Prior and Ongoing Medications (Table 2)
One hundred and sixty-one (37.1 %) patients had ongoing thiopurines treatment, while 132 (30.4 %) had previous exposure; 28 (6.5 %) had ongoing methotrexate treatment, while 50 (11.7 %) were previously exposed to this drug; 87 (20.2 %) had ongoing infliximab treatment, while 69 (16 %) had prior exposure, and 118 (27.3 %) had ongoing adalimumab treatment, while 48 (11.1 %) were previously exposed to this anti-TNF agent.
Surgery (Table 3)
One hundred and forty-eight (29.8 %) patients had a major surgery and 73 (14.7 %) a perianal surgery during follow-up, and 21 (4.2 %) had both major surgery and perianal surgery.

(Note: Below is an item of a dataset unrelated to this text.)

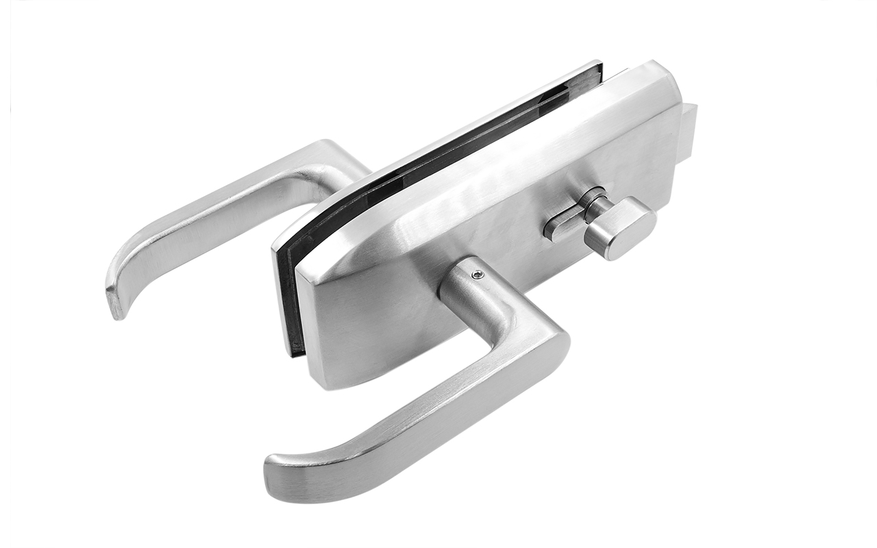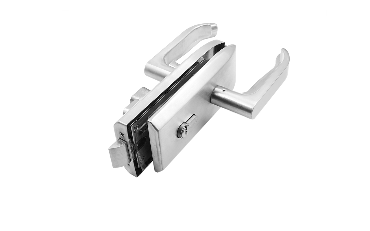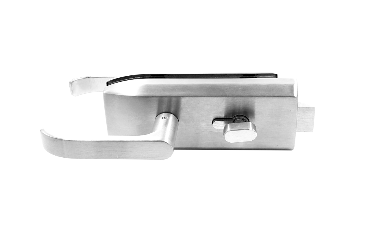 Замок для стеклянной двери с нажимной ручкой и притвором, евроцилиндр односторонний ключ/защелка, с ответной частью на стену, шлифованный t155-2 SSS

The surgical procedures were as follows (some patients may have had multiple resections): ileal resection (N = 21), ileocecal resection (N = 117), colectomy (N = 27), definitive ileostomy (N = 4), jejunal resection (N = 2), colostomy (N = 1), and stricturoplasty (N = 3). Mean number of intestinal resection was 1.5 ± 0.9.
Diagnostic Delay
Median diagnostic delay was 5 months. Early diagnosis (first quartile) corresponds to a period <2 months from first symptoms to CD diagnosis (n = 122 patients), and a late diagnosis corresponds to a period >13 months from first symptoms to CD diagnosis (n = 122 patients).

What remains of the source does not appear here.